OpenAI rivoluziona ChatGPT: arrivano strumenti per il coding e altre novità

OpenAI prepara il più grande aggiornamento di ChatGPT: agenti AI, Codex e servizi integrati in una super app.

ChatGPT si prepara a una trasformazione che potrebbe ridefinire il ruolo stesso degli assistenti AI.

Secondo indiscrezioni pubblicate dal Financial Times e riprese da Reuters, OpenAI starebbe ultimando il più importante aggiornamento della piattaforma dalla sua introduzione nel 2022.

L’obiettivo non sarebbe semplicemente aggiungere nuove funzionalità, ma convertire ChatGPT in una vera e propria super app capace di integrare agenti AI, strumenti di programmazione e servizi di terze parti oggi distribuiti tra prodotti separati. La mossa arriva mentre il mercato dell’AI diventa sempre più competitivo e la piattaforma ha già superato i 900 milioni di utenti attivi settimanali.

ChatGPT evolve e abbandona il principio di chatbot conversazionale

OpenAI sta dimostrando di voler rendere il chatbot a qualcosa di molto diverso rispetto a un domanda e risposta tra utente e AI, ma delegando attività pratiche a sistemi autonomi.

All’interno dell’azienda alcuni dirigenti avrebbero sintetizzato questa evoluzione con una frase significativa: “la chat è finita“. L’espressione non indica la scomparsa della conversazione naturale, ma il passaggio verso un modello in cui il dialogo rappresenta soltanto uno degli strumenti disponibili all’interno di una piattaforma molto più ampia.

Uno dei principali beneficiari della riorganizzazione dovrebbe essere Codex, il sistema di programmazione assistita di OpenAI, che riceverà maggiore visibilità e integrazione nativa nell’esperienza ChatGPT. Nel nuovo modello un utente potrebbe passare da una richiesta testuale alla generazione di software, alla modifica di repository e all’esecuzione di workflow complessi senza cambiare ambiente di lavoro.

La componente più importante riguarda però gli agenti AI: a differenza dei chatbot tradizionali, questi sistemi possono eseguire sequenze di operazioni autonome utilizzando strumenti software, browser, servizi cloud e applicazioni esterne.

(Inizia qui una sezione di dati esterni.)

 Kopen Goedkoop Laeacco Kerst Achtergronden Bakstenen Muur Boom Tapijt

Secondo Thibault Sottiaux, responsabile dei prodotti principali di OpenAI, la visione dell’azienda consiste nella creazione di un agente personale in grado di assistere l’utente in ogni aspetto della vita professionale e privata, capace di organizzare appuntamenti, analizzare documenti, prenotare servizi e coordinare attività lavorative attraverso autorizzazioni controllate dall’utente.

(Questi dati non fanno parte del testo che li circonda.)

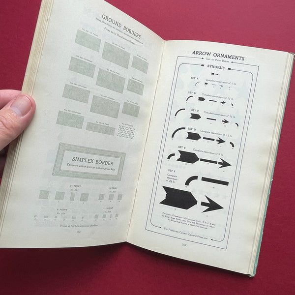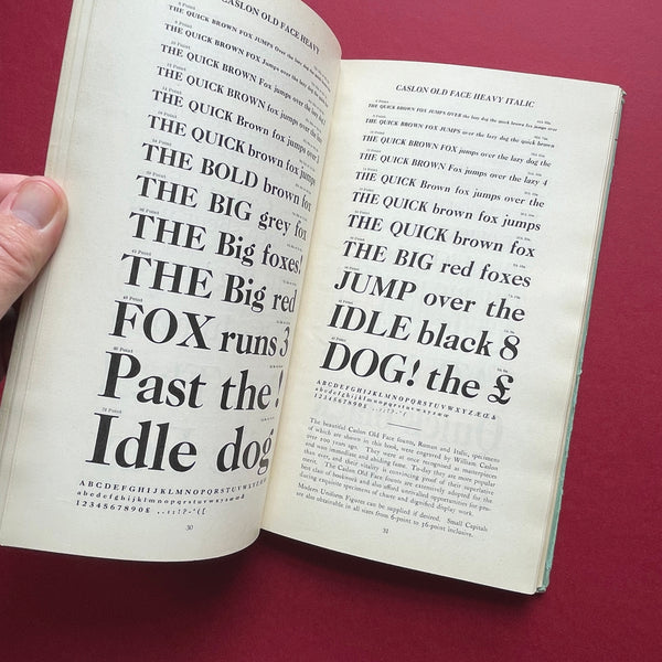 (Preface) 'It is virtually impossible to show the full scope of an enterprising typefounder's resources in any book weighing less than a few score pounds. Consider for a moment the area of paper required to show, to the interested printer, the full potentialities of, say, Caslon Old Face or Plantin, with the ability of these types for almost every aspect of book work and jobbing display. Consider again the number of pages we should want to demonstrate to the full the rich colour and weight of Playbill or Titling Face Open. And, most demanding of all, the subject of decorative units and borders would require a book in itself.

Sul fronte delle integrazioni esterne, OpenAI starebbe preparando connessioni con partner come Canva e Booking.com direttamente dall’interfaccia di ChatGPT, avvicinandosi alla logica delle grandi super app asiatiche in cui una singola piattaforma gestisce servizi molto diversi tra loro.

Pressione competitiva e tempistiche di lancio

Dietro la riorganizzazione emerge anche una forte pressione competitiva.

OpenAI starebbe concentrando risorse sul segmento aziendale per contrastare la crescita di Anthropic, che negli ultimi mesi ha ottenuto risultati importanti nel mercato enterprise grazie ai propri strumenti per sviluppatori. La competizione non si limita più alla qualità dei modelli linguistici: le aziende valutano sempre più piattaforme complete che includano automazione, sicurezza e gestione dei flussi di lavoro.

Secondo documenti interni emersi nei report giornalistici, la frammentazione dei prodotti avrebbe rallentato lo sviluppo e complicato il mantenimento degli standard qualitativi, rendendo urgente unificare ChatGPT, Codex e il browser AI Atlas sotto un’unica interfaccia.

Le fonti concordano sul fatto che il rilascio potrebbe avvenire entro poche settimane, attraverso aggiornamenti delle versioni web e mobile esistenti. Se le indiscrezioni si riveleranno corrette, OpenAI non presenterà un semplice restyling, ma un tentativo concreto di trasformare ChatGPT da strumento conversazionale a infrastruttura centrale per produttività e automazione.